Could you go into detail? I've never heard about the DAR being involved in overseas nefariousness.
posted by The corpse in the library at 8:43 AM on November 27, 2016 [2 favorites]


I could be in it, too. We should start an online DAR group of kickass feminist nerds who use their WASP/colonialist privilege for Real Good.
posted by pomegranate at 5:26 PM on November 27, 2016 [3 favorites]


The nagging and uncomfortable feeling you have probably has a lot to do with the fact that they are seen as an exclusionary club comprised of women descended from the rich, white landowners of yore. Thinking about the DAR too much makes me cringe because it seems like the sole purpose of it existing was so that ladies could have a social club only with people "like them" without looking like they were keeping out POC or poor people. "It's about being proud of your ancestors!" is just a positive spin on "It'll look bad to actively discriminate so let's just make the barrier to entry something that non-white non-landed gentry folk can't possibly prove".

I am sure that many, many DAR groups do good works and are lovely clubs to hang out in, but I wouldn't have a really positive impression of a young woman who I learned belonged to one.
posted by amicamentis at 12:47 PM on November 29, 2016 [2 favorites]


Could you go into detail?

"Too many countries have had too many major problems thanks to groups who were too interested in some of the DAR's interests, you know...?" should have been "groups with interests whose public personas were comparable to that of the perception of the DAR have been problematic"...?

Does that follow...? I think in other countries, DAR is some weird stuff in 2016. It's comparable to, I think? Girl Guides/Girl Scouts. There are some difficult things in their past; they need to denounce those to get past it.

For example...? We don't have a tenth of the politics surrounding Scouts/Guides in Canada, but. An organisation with a problematic past is one that needs, I feel, to denounce that. And not weakly, too.

But -- my answer was primarily -- even though I spent some years living in the US -- "Here is my take on it from outside the USA." That's all.
posted by kmennie at 7:36 AM on December 6, 2016


Maybe that article about Girl Scouts doesn't say what you think it does.

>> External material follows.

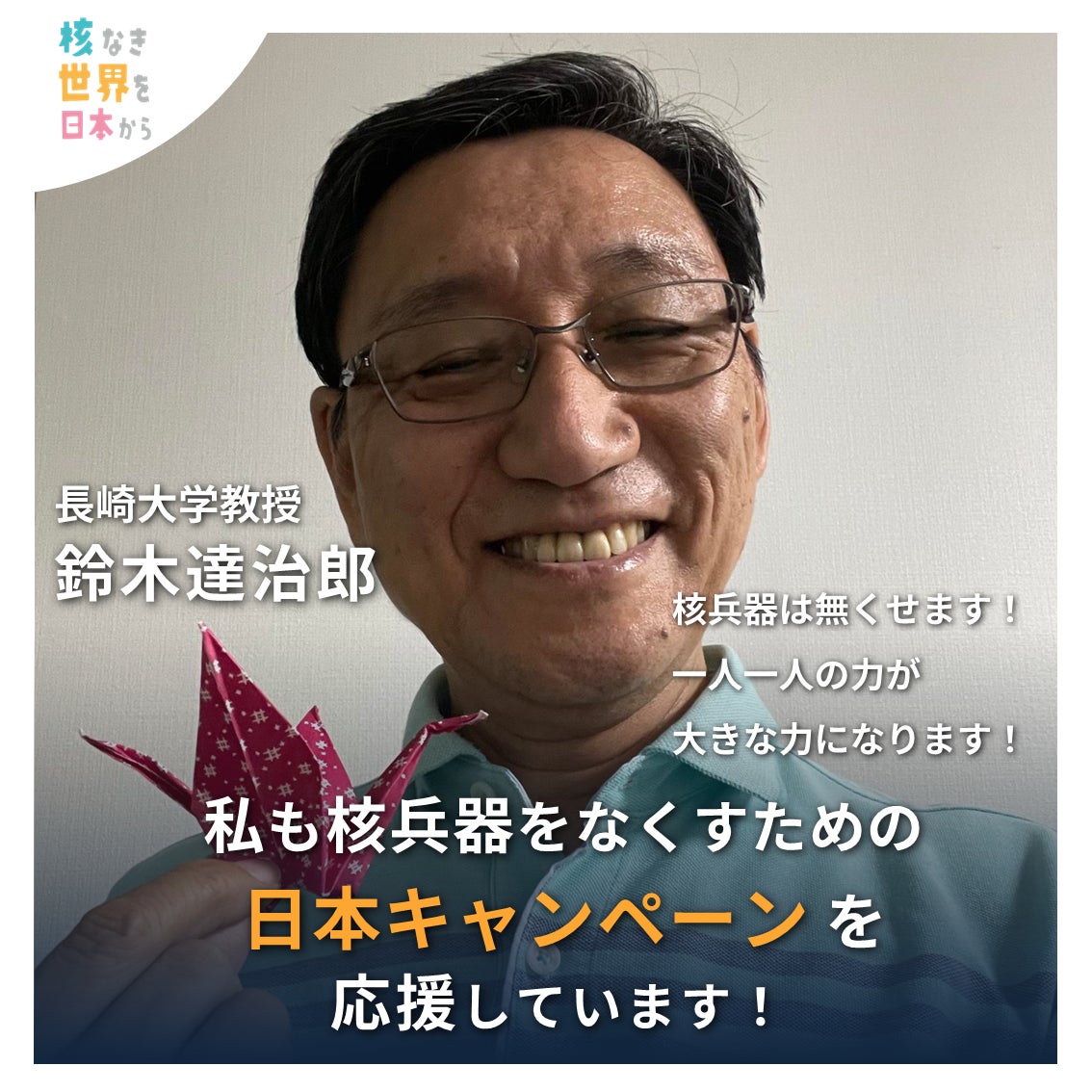 さらに長崎大学の鈴木達治郎教授からもメッセージが届きました。鈴木さんには8月6日の配信「それでも核兵器は必要ですか #核なき世界を日本から」に出演いただき、現在の核兵器の配備状況や日本の保有するプルトニウムが隣国の脅威になっていることなどをお話いただきました。

It's not an example of Girl Scouts having a problematic past that needs to be denounced, other than one council in Louisiana. I remain confused.
posted by The corpse in the library at 1:06 PM on December 6, 2016


They fought hard to keep a public statue commemorating the Confederate Army from being removed in my hometown (it's still there).

I've learned more about this in the last few months, and this was almost certainly the easily-confusable Daughters of the Confederacy. I retract my previous comment and beef with the DAR.